Discovering Comte de Ferrand, Blanc de Blancs, French Sparkling Wine

Comte de Ferrand Blanc de Blancs French sparkling wine is a great find for us at Bordeaux Undiscovered. It’s made by the Société des Vins Mousseux which is part of one of the great negotiant houses of Bordeaux Grands Vins de Gironde (GVG).

It was founded in 1820 by Baron Alfred de Luze, Grand Duke of Hessen.

The Baron came from a noble family in Saintonge (in the département Charente Maritime, just north of Bordeaux, which is famous for its production of Cognac and Pineau des Charentes). He settled in Bordeaux and became a pioneer in developing imports and exports of Bordeaux wines.

His negotiant house expanded over the years and purchased several chateaux (including Chateaux Paveil de Luze in Margaux and Chateau Mallaret in Haut Medoc).

Today, based in the Domaine de Ribet at Saint Loubes, the Société des Vins Mousseux (SVM) is one of the leading companies exclusively producing quality sparkling wines.

In 2011 GVG and SVM were purchased by Borie Manoux, chaired by Philippe Casteja, whose family own several prestigious chateaux including Chateau Trotte Vielle (Premier Grand Cru Classé Saint Emilion) and Chateau Batailley (5th Growth Pauillac).

Comte de Ferrand is made by the Méthode Cuvée Close or Charmat Method (Méthode Charmat) which was developed by the French scientist Jean Eugene Charmat at the University of Montpellier in 1907.

Instead of using individual bottles to produce the secondary fermentation, he invented the glass-lined tank.

His son continued his work and created the wine Veuve de Vernay, named after the widow (Veuve) from Vernay, who helped his father start up in business. The Société des Vins Mousseux was founded in 1908, a year after the Charmat Method was developed.

Made from Ugni Blanc grapes – also known as Trebbiano in Italy – Comte de Ferrand is a Blanc de Blancs sparkling wine (which means literally ‘white [wine] from white [grapes]‘).

It’s thought that Ugni Blanc was brought to France in the 1300s when successive Popes resided at Avignon rather than in Rome. Ugni Blanc’s name comes from the old French Occitan ‘Unia’ which is derived from the Latin name ‘Eugenia’ (meaning ‘noble’ or ‘well born’) but it has lots of synonyms in Bordeaux – ‘Saint Emilion’ being one of them.

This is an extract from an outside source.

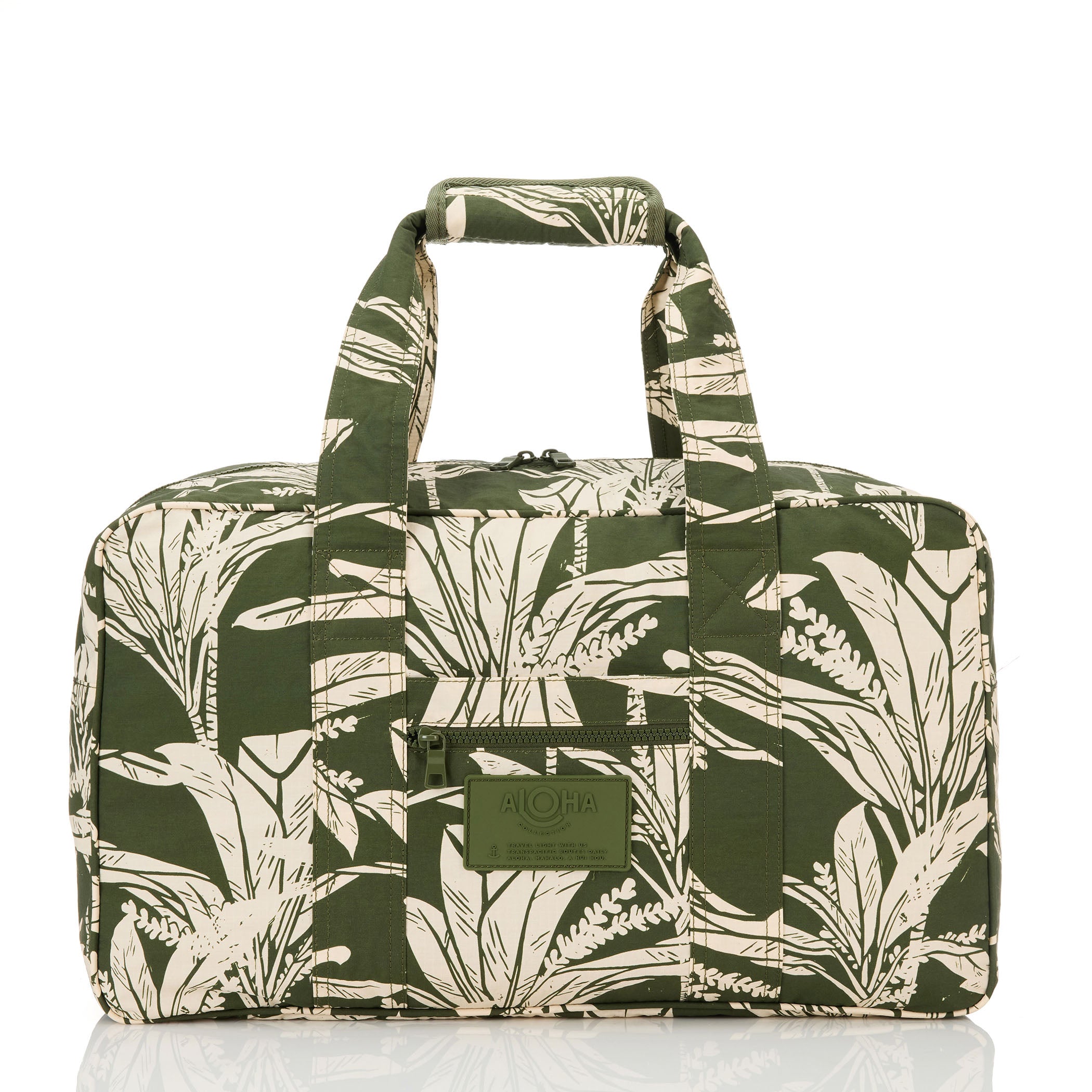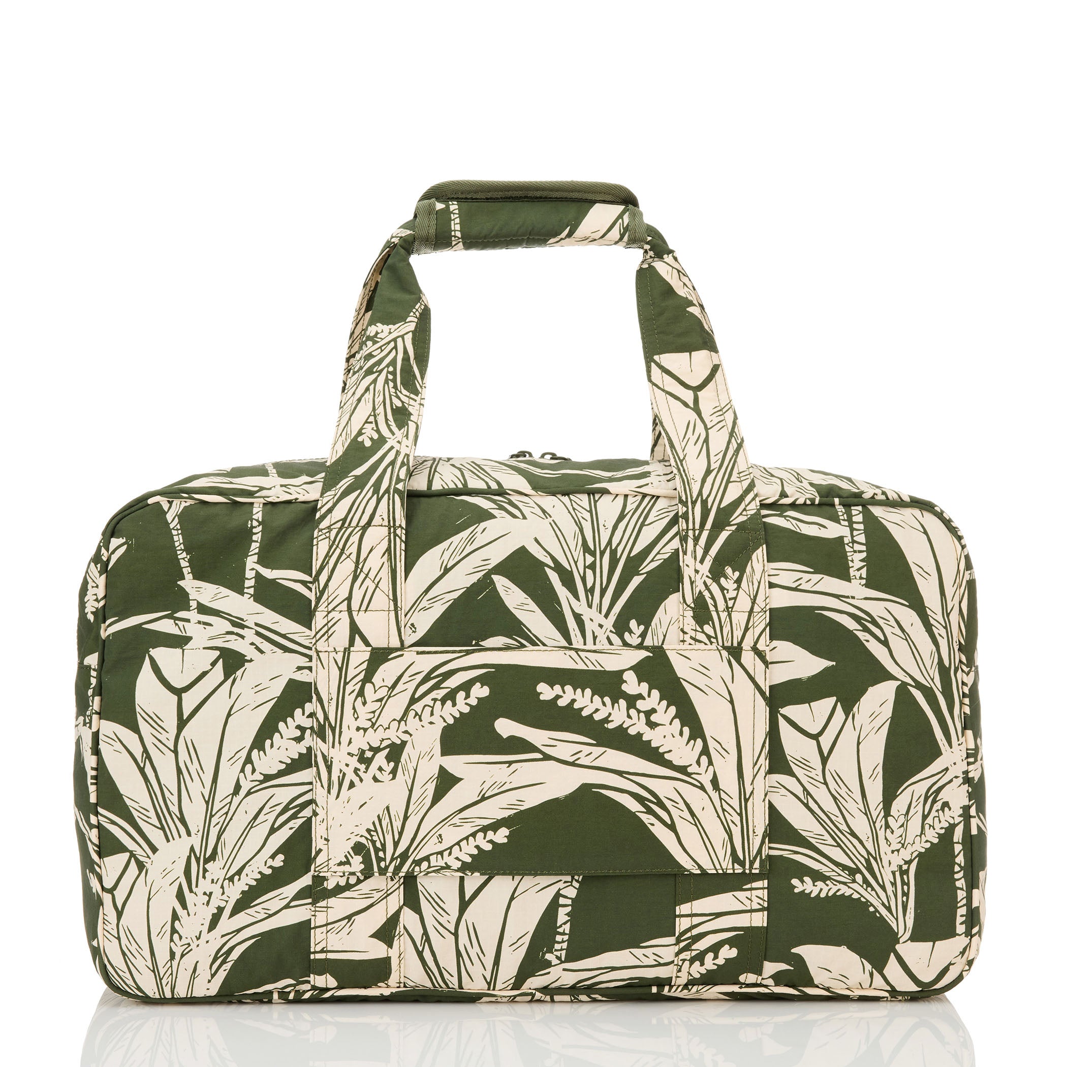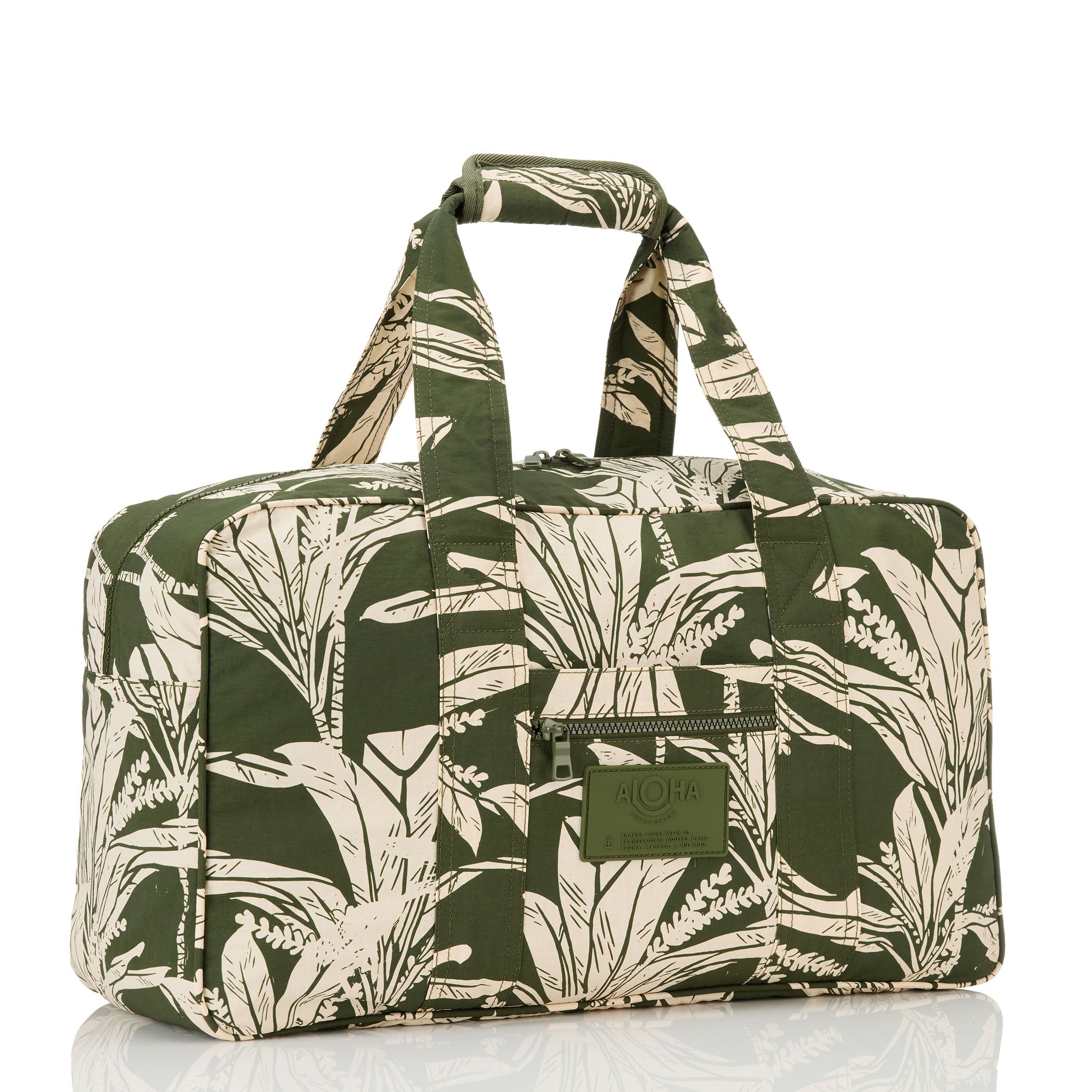 This print features bold, overlapping ti leaves evoking a sense of tropical warmth amidst autumn chill.

Comte de Ferrand (£8.99, abv 11%) is fresh and clean with nicely balanced acidity and no sharp edges. In the mouth it’s bursting with soft fresh fruits with a good mousse.

With delicate floral aromas of magnolia and jasmine and flavours of white peach, quince and very subtle hints of mandarin orange and apricot, this really is a charming wine. It’s the perfect fizz for a party with your guests thinking it is Champagne; ideal for a refreshing glass of bubbly and a perfect partner for a variety of meals including spicy dishes such as Indian and Thai.

It will compliment fish, seafood, salads and delicate white meat recipes. I am sure you will not be disappointed. This lovely wine I believe knocks spots off similar level wines at this unbelievable price.